Univariate analysis approach analyzes each metabolite separately. It includes parametric methods such as paired
t test, Welch
t test, and linear model and non-parametric methods such as Wilcoxon signed rank test, Mann-Whitney test, and Kruskal-Wallis ANOVA. A parametric method is used when the data basically meets normality assumption. Data transformations such as log transformation are often used to improve normality.
t test is frequently used for the comparison of two classes, e.g., CF vs. non-CF. While
t test is easy to use, one of the advantages of using a linear model is that multiple confounders can be controlled in the model, so that metabolic variations due to these confounders can be removed from the data. These linear models were for example used in the blood-based studies referenced here [
6,
7]. Univariate analysis of metabolomics data usually includes hundreds of tests (one for each metabolite), therefore the control of false discovery rate (FDR) in multiple testing is very important. The most commonly used FDR control methods are
Q value [
29] and the Benjamini-Hochberg procedure [
30].
Multivariate analysis approach analyzes all of the metabolites in the data simultaneously in one analysis. It detects important metabolic variations though dimension reduction. It includes non-supervised classification methods such as principal component analysis (PCA) and supervised classification methods such as partial least squares discriminant analysis (PLS-DA) and orthogonal partial least squares discriminant analysis (OPLS-DA). PCA detects major variations in the data without using sample classes, therefore being suitable for data exploration, and detection of outliers in the dataset. Most of the CF studies compare two or more classes of samples, e.g., CF vs. non-CF [
6], CF with low inflammation vs. high inflammation [
16], stable CF vs. unstable CF [
19], and CF vs. PCD vs. healthy subjects [
20], such studies benefit from using supervised classification methods. Unlike PCA which looks for major metabolic variations in the data, PLS-DA and OPLS-DA look for metabolic variations that are specifically related to the study classes.

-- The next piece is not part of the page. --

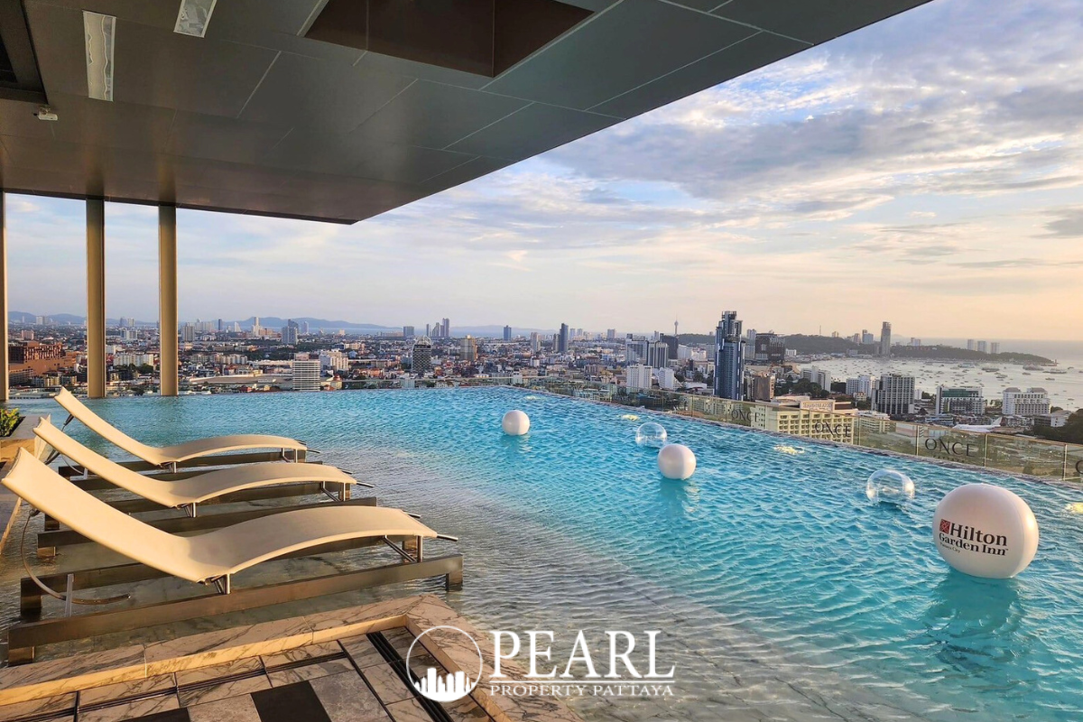 Discover Once Pattaya, a prestigious mixed-use high-rise development that redefines luxury living in North Pattaya. Developed by Honour Group and completed in early 2023, this impressive 32-story tower stands as a beacon of contemporary elegance and functional design. Spanning approximately 3,715 square meters, Once Pattaya offers 427 premium condominium units, ranging from efficient studios at 28-29 sqm, comfortable one-bedroom residences at 34 sqm, and spacious two-bedroom units from 51.8 to 59.8 sqm. For those seeking expansive living, three-bedroom and penthouse units are available, boasting generous sizes from 119 to 201 sqm. Residents of Once Pattaya are treated to an unparalleled resort-like lifestyle, thanks to its extensive array of amenities. Indulge in breathtaking views from the infinity-edge rooftop pool and Jacuzzi, while children enjoy their dedicated pool. Maintain your fitness routine at the sky fitness gym or find serenity with flying yoga in the sky garden. The development also features a children's playroom, the stylish Once More Bar, and the "Once Working Space" for your professional needs. A grand lobby, concierge services, 24-hour security with CCTV, and covered parking ensure convenience and peace of mind. Adding to its allure, Once Pattaya incorporates an onsite Hilton Garden Inn branded residence, providing residents with hotel-standard services, shuttle service, and designated parking. Strategically located along Chalermprakiet (Pattaya Sai 3) Road in vibrant North Pattaya, Once Pattaya offers exceptional connectivity and lifestyle benefits. Residents are just steps away from world-class shopping destinations like Terminal 21 and Central Festival Mall, alongside an abundance of dining hotspots and entertainment venues. Bangkok Hospital is a mere six-minute drive, ensuring easy access to top-tier medical care. This prime location perfectly blends urban excitement with the tranquility of coastal living, with the sea just over a kilometer away, making Once Pattaya an ideal choice for international buyers and renters seeking a sophisticated and convenient lifestyle in Thailand.

A major challenge of multivariate analysis is overfitting, i.e., the model fits the data so well that it cannot generalize to new data. Overfitting occurs when the model describes noise in the data. Statistical cross validation can be used to reduce overfitting. In cross validation, the samples are split into training set and testing set, and results from the training set are tested in the testing set as used in several of the studies here [
6,
16,
19,
20,
25]. A limitation of cross validation is that all of the samples used for validation come from the same study. The most rigorous validation is external validation, i.e., validation performed in an independent data set. Montuschi et al. provided some good examples of using external validation to identify CF-related biomarkers [
19,
20]. When an independent data set is not available, permutation-based validation could be used as an alternative, not used in any of the referenced CF studies. In permutation-based validation, the predictive power of the model is compared with the predictive powers calculated using hundreds and thousands of permutated data sets. Using it in combination with cross validation provides a more reliable validation result than using cross validation alone.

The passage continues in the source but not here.